Extreme phenomena such as hurricanes, flooding, forest fires etc. are shaking up the world economy, and are increasingly noticeable in ports, on roads and in factories. And there are no indications that it will get any better. Academics and experts claim that the impact of climate change on the supply chain is being given the least publicity, even though it is posing a much more serious threat with persistent effects in the face of temporary factors such as the pandemic or the war in Ukraine. 

The big problem, as pointed out by Dale Rogers, business professor at Arizona State University, in an article in Wired magazine, is that "logisticians are always trying to execute the strategy but not necessarily develop it. They're trying to figure out how to make something happen now, and climate change is a long-term problem". Of all the threats, the most pernicious is the rising sea level caused by the increase in the global temperature, and ports, railway lines, roads and other transport and supply infrastructures will be affected by sea levels rising between 50 cm and 2 metres.

Far from being a problem that merely affects infrastructures or transport, the supply chain is actually interconnected to many other factors, which can bring about a domino effect in that disruptions can intensify and propagate within the world economy, with impacts such as higher prices and shortages of all kinds of goods, from basic agricultural products to the latest electronic goods. By way of an example, the cost of transporting a container in the Pacific Ocean rose from USD 2,000 to USD 15,000 before and after the pandemic.
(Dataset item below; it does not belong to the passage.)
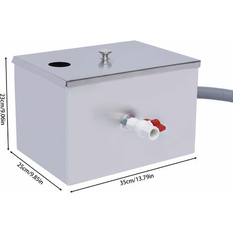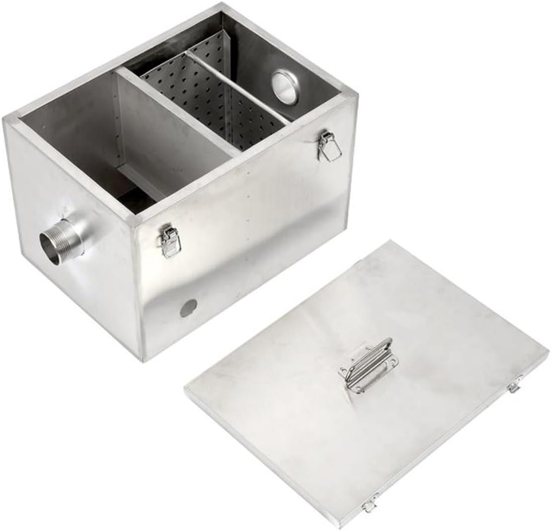 Les solides se déposent fond et l'eau claire séparée s'échappe sous une chicane de sortie. Le réceptacle est conçu pour intercepter ou piéger le FOG tout en permettant à l'eau claire de s'échapper. Détails du produit:Taille: 40X25X25CMComment fonctionne un bac à graisse ?Les pièges à graisse fonctionnent sur la base que les graisses animales et les huiles végétales (graisse) sont de 10 à 15 % moins denses que l'eau et que la graisse ne se mélange pas à l'eau. Les chicanes sur la sortie empêchent le brouillard de s'écouler directement à travers l'appareil. Il a un effet efficace de séparation huile-eau et est idéal pour les applications de cuisine, restaurant, café, usine, école ou petit évier ou lave-vaisselle. Bac A Cafe VEVOR Intercepteur à Graisse Commercial, Séparateur De Graisse 3,6 Kg, Bac à Graisse Entrée Supérieure, Sous L'Évier En Inox, Séparateur Huile-Eau D' Eaux Usées 2,8 GPM, Pour Cuisine Cantine Pour cette raison, le siphon doit être nettoyé/vidangé régulièrement. Principe de fonctionnement: les pièges à graisse fonctionnent sur le principe de base selon lequel les brouillards (graisses, huiles et graisses) flottent sur l'eau et les particules solides coulent. Lorsque les eaux usées pénètrent dans un bac à graisse, le débit est suffisamment réduit pour que les eaux usées aient suffisamment de temps pour se refroidir et se séparer en 3 couches. Filtration pratique sous évier et comptoir : notre séparateur huile-eau convient traitement de l'eau huileuse d'huile minérale, d'huile animale, d'huile végétale, d'huile mélangée et de toutes sortes d'huile émulsionnée. VEVOR Intercepteur a Graisse Acier Inoxydable Separateur de Graisse 300... Qu'est-ce qu'un bac à graisse?Les pièges à graisse existent depuis plus de 100 ans et sont également connus sous le nom d'intercepteurs de graisse, de convertisseurs, de récupérateurs de graisse, de dispositifs de récupération/gestion de graisse ou de pièges à brouillard. La graisse vers le haut à l'intérieur de l'intercepteur et est emprisonnée à l'aide d'un système de chicanes. Matériau de qualité supérieure : le séparateur mécanique huile-eau à gravité est fabriqué en acier inoxydable 201 robuste de 1,2 mm d'épaisseur, qui est robuste, , antirouille, anti-corrosion, difficile à déformer, facile à entretenir et a une longue durée de vie. Ainsi, les graisses et les huiles flottent au-dessus de l'eau. Vous devez vous procurer un dispositif de traitement d’eaux usées, comme le séparateur de graisse pour restaurant de la marque . Découvrez ce produit performant et simple d’installation sur notre site 8LBS Commercial Bac À Graisse, Entrée Supérieure Acier Inoxydable Eaux Usées Intercepteur De Graisse Séparateur Huile-eau Huile-eau Avec Panier-filtre Pour Restaurant Sous Évier, Argent fil du temps, les solides et la graisse s'accumulent et, s'ils s'accumulent suffisamment longtemps, ils peuvent commencer à s'échapper par la sortie et, dans certaines circonstances, ils peuvent refluer par l'entrée.

Path to be taken and solutions

This means we are facing a post-pandemic "new normality", potentially extremely volatile, with an urgent need to be prepared.  Tools are required to manage commercial operations with greater flexibility and at the lowest possible cost, in a context of energy transition for corporates.

Some of the solutions being implemented ahead of possible interruptions of supply chains, are larger inventories or dual supply chains - with two paths or routes to bring in the same product. This, however, only prevents shortages, and boosts production and stocking costs.
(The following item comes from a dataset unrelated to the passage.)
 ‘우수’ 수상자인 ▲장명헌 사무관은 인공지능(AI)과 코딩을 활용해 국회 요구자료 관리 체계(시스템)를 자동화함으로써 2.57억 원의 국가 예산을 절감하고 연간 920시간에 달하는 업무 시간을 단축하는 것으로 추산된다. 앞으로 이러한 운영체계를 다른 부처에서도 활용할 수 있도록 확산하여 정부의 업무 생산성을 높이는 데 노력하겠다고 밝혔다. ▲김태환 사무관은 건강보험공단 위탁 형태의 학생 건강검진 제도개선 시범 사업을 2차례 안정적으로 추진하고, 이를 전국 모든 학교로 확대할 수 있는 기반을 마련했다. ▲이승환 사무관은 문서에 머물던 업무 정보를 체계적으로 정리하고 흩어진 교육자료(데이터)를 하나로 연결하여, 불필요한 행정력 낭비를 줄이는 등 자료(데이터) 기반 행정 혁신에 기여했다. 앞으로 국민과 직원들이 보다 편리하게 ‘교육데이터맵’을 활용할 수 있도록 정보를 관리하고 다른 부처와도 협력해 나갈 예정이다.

The challenge, therefore, lies in generating a total change of suppliers and concentrators at all levels. In this panorama, large finance corporates such as Banco Santander have a particularly important role to play, and they also have the responsibility of helping businesses overcome challenges and find innovative solutions.

Securing supply and the need to accumulate large amounts of inventory under the new "just in case" model has been perhaps the most common logistical problem today and with the greatest impact on companies' balance sheets and cash flows. From a financing perspective, Santander Corporate & Investment Banking (SCIB) has developed solutions to help our clients manage these problems without impacting their leverage and helping to improve working capital management. This is helping companies to develop greater capacity and flexibility in transport infrastructure, strengthen safety stocks and inventories, make logistics operations more agile and digitised, offshore critical components and find alternative supply arrangements to reduce dependence on their current networks, all with a positive impact on their financial statements.

Simultaneously, we must not lose sight of the transition towards a greener economy. Not only does it help decarbonise the atmosphere - Santander is carbon-neutral and is striving to be Net Zero by 2050 - and is therefore helping fight climate change and higher global temperatures on an individual basis. This spirit must also be passed on in all relations with suppliers and products, to set criteria and an example for customers. The use of green energy, 100% elimination of exposure to coal-mining by 2030 and facilitating the mobilisation of EUR 220 million in green funding are just some of the bank's initiatives and targets for a more resilient, greener future on all levels.